I often write about situations where we say something is about X, but it is actually more than we admit about Y. In some cases, this is mostly unconscious, and most people are surprised to hear what is going on. In other cases most people kind of know it, even if they don’t tend to talk about it. So if what I’m about to tell you seems obvious, well just stop reading.
I spent the last few days touring monuments near Washington D.C. A great many of them come with the explicit message “Remember.” As if to say “Big things once happened, or nearly happened. If enough of us remember them, we can do better in the future to avoid bad things, and encourage good things.” When your choice is data vs. ignorance, you know what you are supposed to choose.
Except, if that were the goal we might do better to have big pretty places organized around categories of events, each with statistics on that type of event. The monument for wars might show stats on what kinds of wars went better. The monument for floods might show stats relating efforts to prevent floods to later consequences.

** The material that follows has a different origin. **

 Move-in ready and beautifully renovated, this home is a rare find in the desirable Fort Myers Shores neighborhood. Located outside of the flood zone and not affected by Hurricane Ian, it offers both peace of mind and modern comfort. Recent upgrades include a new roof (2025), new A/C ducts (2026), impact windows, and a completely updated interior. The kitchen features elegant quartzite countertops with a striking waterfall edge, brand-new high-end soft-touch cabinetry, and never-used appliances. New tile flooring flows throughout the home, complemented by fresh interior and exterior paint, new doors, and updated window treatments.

But what we actually have are monuments for particular events, and particular people. In reality, these events and people are very complex. Depending on your assumptions and perspectives, you can draw a great many contradictory lessons from them. And usually experts do in fact hold a wide range of conflicting views. Especially if we include experts from other nations, etc.

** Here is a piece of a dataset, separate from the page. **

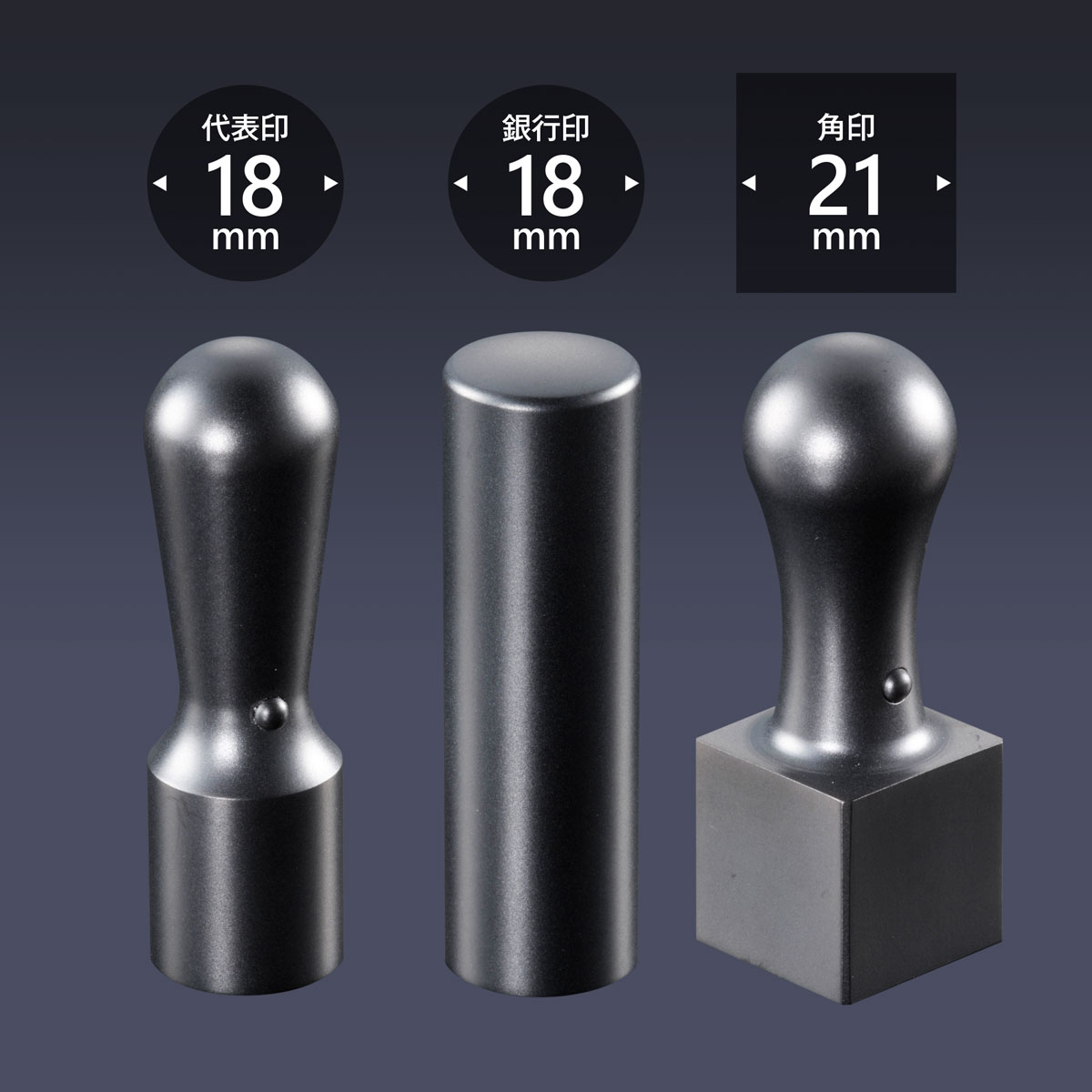 代表印丸天丸18ミリ・銀行印丸寸胴18ミリ・角印角天丸21ミリの3本セットです。

But monuments usually show little of this wide range of interpretations. Instead, the basic context usually gives visitors a pretty good idea of preferred interpretations. So the monument itself doesn’t have to belabor the point – just a few choice quotes and items selected for presentation in particular contexts are enough. Treating the monument respectfully can then function as a way to signal one’s respect for these usual interpretations.
If monuments gave explicit ideological sermons, visitors who disagreed might try to refute the arguments given. Out loud, on the spot. And many others would have a plausible reason to not want to go there. But if there are only a bunch of artifacts in a beautiful setting, a reminder that people died, and an exhortation to “remember”, what can anyone rebut, and what excuse is there not to go? Even though going there will be on average interpreted as support for the usual interpretation.
For example, Arlington National Cemetery prominently displays the mast of The Maine, a ship sunk in 1898 in Havana harbor. The Spanish were blamed, “Remember the Maine” became a battle cry, and the U.S. had an excuse to start the Spanish-American war. Though today it seems more likely that the explosion was accidental.
A world intent on not forgetting and learning from key data might have a monument to events that start wars, and present stats on the fraction of wars that were started on fake pretexts. And perhaps summarize key arguments on the causes of wars and ways to prevent wars. But in our world there are mainly monuments that, in a pretty, solemn, and patriotic context, remind visitors that people died, and that others uttered the phrase “Remember the Maine.” Damn Spaniards ..
You're not wrong about these monuments collectively being rather poor teachers of history. I never took them as objects that try to do that, despite the "remember" carvings. To me they always served as instruments that connect me to the past and help me see myself as a time-slice of a very long and eventful process, full of local heroism, villainy, brilliance, stupidity, and all the other stuff that remains with us. When history feels more real, it also feels bigger, and that makes our present concerns feel proportionately smaller. That's a useful feeling for monuments to evoke. When I visited the Pantheon in Rome, I remember a thought like "Man, this thing has seen a lot of shit come and go." Monuments have a way of "de-abstracting" the past. They won't help you pass any history tests, but do help you appreciate a continuity between the present and past. They could bear inscriptions like "Hey, picture us back here in the past. We had lives just as eventful and dramatic as yours. Now you're doing new stuff in this part of town, but before all that happened we were here, and in our time we thought we were up to something pretty damn important." But that's a lot of carving, so they can be forgiven for shortening it to "remember".